Per quale motivo ci sono leggi spesso violate che non vengono soppresse? Lo Stato si è dimostrato sempre più incline a intervenire in materie come l'evasione fiscale o gli eccessi alla guida. Perché in materie come l'aborto o il consumo di droghe si vuole seguire il processo inverso? Chi decide che alcuni atti non debbano essere fiscalizzati e altri sì? E su quali basi prende questa decisione?

Nel caso dell'aborto, ammettendo la coscienza come unico giudice dell'atto, si potrebbe elencare una serie di conseguenze di trascendenza sociale:

1) muore un innocente, che non è chi emette il giudizio di coscienza; 

2) qualcuno che uccide innocenti agisce sotto copertura legale; 

3) nel caso in cui si voglia opporre all'aborto, la donna resta senza una protezione legale che controbilanci le pressioni familiari e sociali; 

4) la donna che soffre per il trauma post-aborto si troverà in una situazione in cui qualcuno dovrà curarla: l'équipe che ha effettuato l'aborto si occuperà della situazione?; 

5) in caso di legalizzazione, lo Stato recluterà persone (pagate dai contribuenti) per realizzare l'aborto su richiesta; 

6) si corre il rischio che ci siano professionisti sanitari e studenti di medicina costretti a cooperare, più o meno “diplomaticamente”, ad atti che violano la loro coscienza; 

7) la cosa più difficile da dimostrare in poche righe è la diminuzione della sensibilità nei confronti della vita umana. Facciamo solo un esempio. In Portogallo, è legalizzato l'aborto eugenetico in determinate condizioni. Quando lo Stato permette di uccidere degli embrioni perché presentano un handicap, come considererà la società le persone con qualche “handicap”? A rigore, una società umanista si dovrebbe prodigare in misure che dovrebbero proteggere coloro che sono portatori di qualche difficoltà aggiuntiva. Quando se ne permette la morte nell'utero, lo Stato dà un segno per cui questi cittadini interessano meno degli altri. Non è quindi strano che varie associazioni che difendono persone portatrici di handicap protestino per la crescente mancanza di sensibilità nei loro confronti. Di fronte a questa e ad altre questioni, perché l'aborto dovrebbe essere solo una questione di “mera coscienza” della donna?
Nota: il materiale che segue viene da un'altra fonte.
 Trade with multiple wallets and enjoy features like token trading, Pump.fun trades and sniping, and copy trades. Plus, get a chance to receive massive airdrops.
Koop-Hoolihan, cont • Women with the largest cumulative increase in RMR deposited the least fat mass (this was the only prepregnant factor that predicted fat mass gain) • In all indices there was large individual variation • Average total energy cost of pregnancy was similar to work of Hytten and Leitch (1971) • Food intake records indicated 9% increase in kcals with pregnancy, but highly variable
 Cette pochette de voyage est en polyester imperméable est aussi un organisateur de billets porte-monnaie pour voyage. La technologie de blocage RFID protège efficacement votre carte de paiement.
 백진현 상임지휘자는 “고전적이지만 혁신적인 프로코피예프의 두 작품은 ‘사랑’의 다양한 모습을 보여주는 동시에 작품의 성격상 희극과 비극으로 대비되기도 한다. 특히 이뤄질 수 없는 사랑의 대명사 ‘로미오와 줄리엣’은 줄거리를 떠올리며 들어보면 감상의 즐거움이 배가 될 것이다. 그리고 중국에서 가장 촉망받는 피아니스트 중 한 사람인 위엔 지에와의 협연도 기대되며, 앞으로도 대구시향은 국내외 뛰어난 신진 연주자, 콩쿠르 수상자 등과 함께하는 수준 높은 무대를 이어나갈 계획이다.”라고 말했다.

Un'ulteriore questione. La società ha aumentato la propria sensibilità per interventi legali che in altri tempi erano considerati estranei al suo campo di azione. Ad esempio, a livello sociale c'è sempre più unanimità sul fatto che l'ingerenza umanitaria in alcuni Stati è legittima e perfino moralmente obbligatoria in determinate condizioni. La sovranità di uno Stato – la sua coscienza collettiva – non è necessariamente un valore intoccabile. Anche a livello familiare, si percepisce sempre più che ci sono casi di violenza domestica, che avvengono tra le quattro mura di casa, in cui la legge deve intervenire. L'ambito familiare non è assolutamente inviolabile.
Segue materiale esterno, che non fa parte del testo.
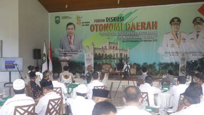 SIAK, datariau.com - Bupati Siak Drs H Alfedri MSi membuka secara resmi Forum Diskusi Otonomi Daerah bertemakan "Isu-isu Strategis Penyelenggaraan Pemerintah Daerah". Forum Diskusi Otonomi Daerah ini di gelar bersempena HUT Ke - 22 Kabupaten Siak, bertempat di Balairung Datuk Empat Suku Komplek Perumahan Abdi Praja, Rabu (13/10/2021).
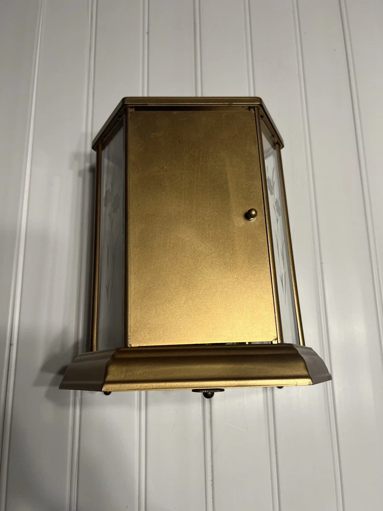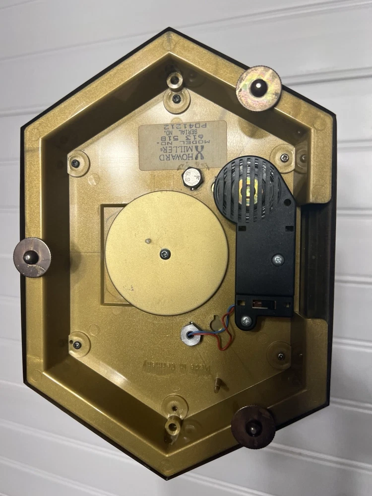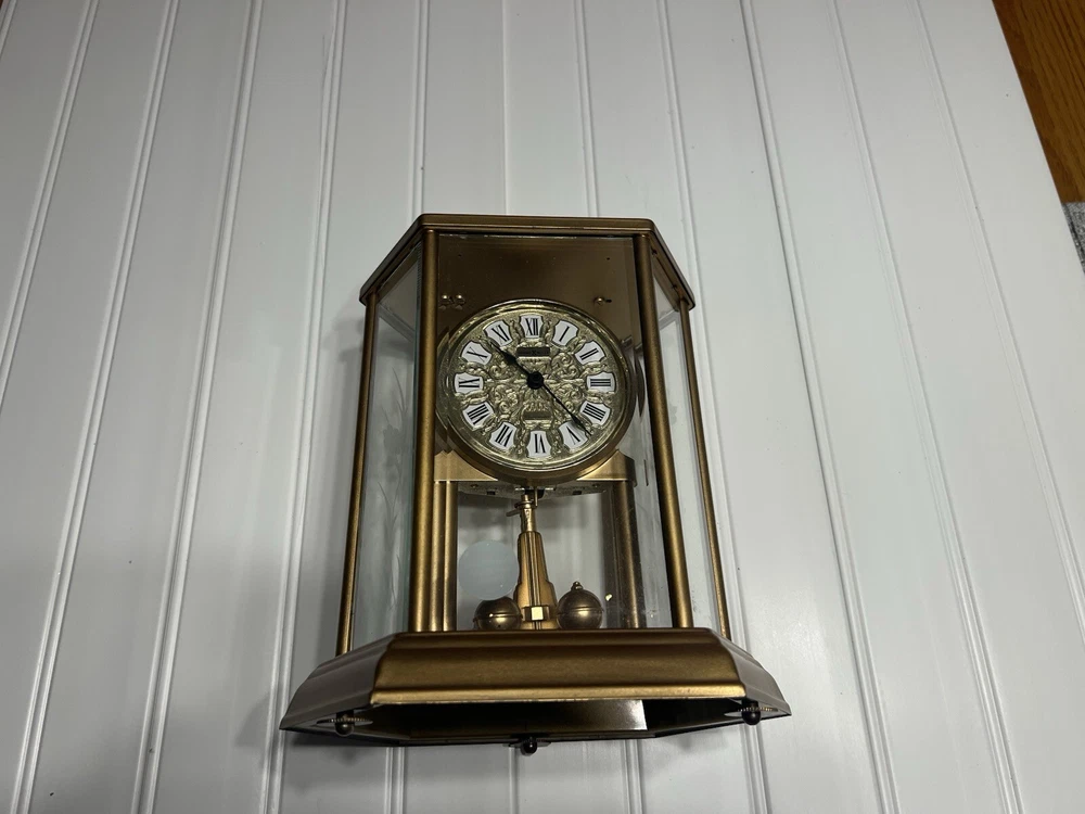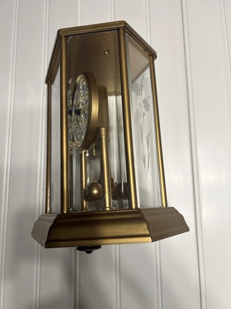 This Howard Miller Clock is a vintage/retro styled anniversary/torsion clock that features a brass frame and quartz movement. It is battery-operated and has chimes. The clock is in good working condition and is perfect for adding a touch of vintage charm to any space.

La società ha quindi preso coscienza del fatto che di fronte a determinati mali bisogna intervenire legalmente per salvaguardare diritti umani elementari. Se questa via della giustizia è considerata un progresso nella vita dei popoli perché mira a proteggere esseri indifesi, perché nel caso dell'aborto si pretende che la legge abbandoni un ambito in cui tutto culmina con la morte di un innocente e una minore sensibilità di fronte al carattere unico della vita umana? Non sarebbe il momento di pensare seriamente allo statuto giuridico dell'embrione?

Una “curiosità”: nell'enciclica sul Vangelo della vita, Giovanni Paolo II richiamava l'attenzione sul fatto che con questa argomentazione si pretende un'autonomia totale della coscienza per abortire esigendo allo stesso tempo dai legislatori e dai politici l'abdicazione dalla loro coscienza, che deve sottomettersi senza riserve a ciò che approva la maggioranza. Contraddizioni sulla coscienza…

Riassumendo, pretendere che l'aborto debba essere ridotto a una questione di morale privata non corrisponde al modo in cui ci si rapporta a questioni anche di minore rilevanza sociale. L'espressione suona bene, perché fa senza dubbio appello alla responsabilità, ma è incompleta: l'aborto è una questione di coscienza personale, ma ha un'enorme dimensione sociale. C'è molta gente che preferisce in una società in cui si proteggono i più deboli.